To evaluate the effects of TiO2 NPs on fertility, we treated three groups of female mice (10 per mating group). In total, 10 male and 10 control or treated female mice from each group were placed in a common cage for mating after 30 days of TiO2 NPs administration. Mating success was confirmed based on the formation of a white suppository at the mouth of the vagina tracked via vaginal smearing under an optical microscope (U-III Multi-point Sensor System; Nikon Corporation, Tokyo, Japan). Mating success was assessed by counting the number of pregnant mice.

BW and ovary weight

After 30 days, all mice were weighed. Blood samples were collected from the eye vein following rapid removal of the eyeball. After collecting blood, all mice were sacrificed via cervical dislocation, and ovaries of all animals were quickly removed, weighed, placed on ice and dissected and frozen at −80°C (with the exception of 40 ovaries that were used for histopathological examination). Serum was collected by centrifuging blood at 1,200× g for 10 min.

Serum parameter analysis

Plasma concentrations of anti-Müllerian hormone (AMH), inhibin B, estradiol (E2), progesterone (P), LH, FSH, prolactin (PRL), thyroid-stimulating hormone (TSH), free triiodothyronine (fT3) and free tetraiodothyronine (fT4) were detected with the aid of commercial kits (Bühlmann Laboratories AG, Switzerland). The levels of ANAs and anti-TPO-Abs were measured using enzyme-linked immunosorbent assay (ELISA; R&D Systems, Inc., Minneapolis, MN, USA). All biochemical assays were performed using an automated clinical chemistry analyzer (Type 7170A; Hitachi Ltd., Tokyo, Japan).

Histopathological evaluation of ovary

All histopathological examinations were performed using standard laboratory procedures. Five sets of ovarian tissues from mice were embedded in paraffin blocks, sliced into 5 μm sections and placed on separate glass slides (five slices from each kidney). After hematoxylin–eosin staining, sections were evaluated by a histopathologist blinded to the treatments under an optical microscope (U-III Multi-point Sensor System; Nikon Corporation).

Statistical analysis

Data are presented as mean ± SD. Statistical analyses were performed using SPSS 19.0 software (IBM Corporation, Armonk, NY, USA) and compared via one-way analysis of variance (ANOVA) followed by Tukey’s HSD post-hoc test. Differences were considered statistically significant at p-values < 0.05.

Results

Body and ovarian weights

Figure 1 depicts the effects of TiO2 NPs exposure on net increase in body and ovarian weights. TiO2 NPs treatment induced a significant reduction in the net increase in BW (−7.81% to −35.87%) and ovarian weight (−16.32% to −61.44%), compared with the control group (p < 0.05). The decrease in ovarian weight caused by TiO2 NPs is suggestive of ovarian atrophy and may be related to tissue injury or POF, as confirmed by histopathological observation of mouse ovaries.

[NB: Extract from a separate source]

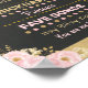 Ce design présente une couronne royale scintillante en or faux pailleté décorée de pivoines rose pastel à l'aquarelle douce et de confettis sur fond tableau noir.

Figure 1 Effects of TiO2 NPs on net increase in BW and ovarian weight after gavage administration for 30 days.
Notes: Different letters within the same parameter indicate significant differences between groups (p < 0.05). Values represent mean ± SD (n = 10).
Abbreviations: BW, body weight; TiO2 NPs, titanium dioxide nanoparticles.

Reproduction

In response to increasing TiO2 NP doses, the mating and pregnancy rates of mice were significantly decreased by 14%–31% and 17%–40%, respectively, as shown in Figure 2 (p < 0.05). The decreased pregnancy rate may be associated with POF triggered by TiO2 NPs exposure.

Figure 2 Effect of TiO2 NPs on conception in female mice after gavage administration for 30 days.
Notes: Different letters within the same parameter indicate significant differences between groups (p < 0.05). Values represent mean ± SD (n = 10).
Abbreviations: BW, body weight; TiO2 NPs, titanium dioxide nanoparticles.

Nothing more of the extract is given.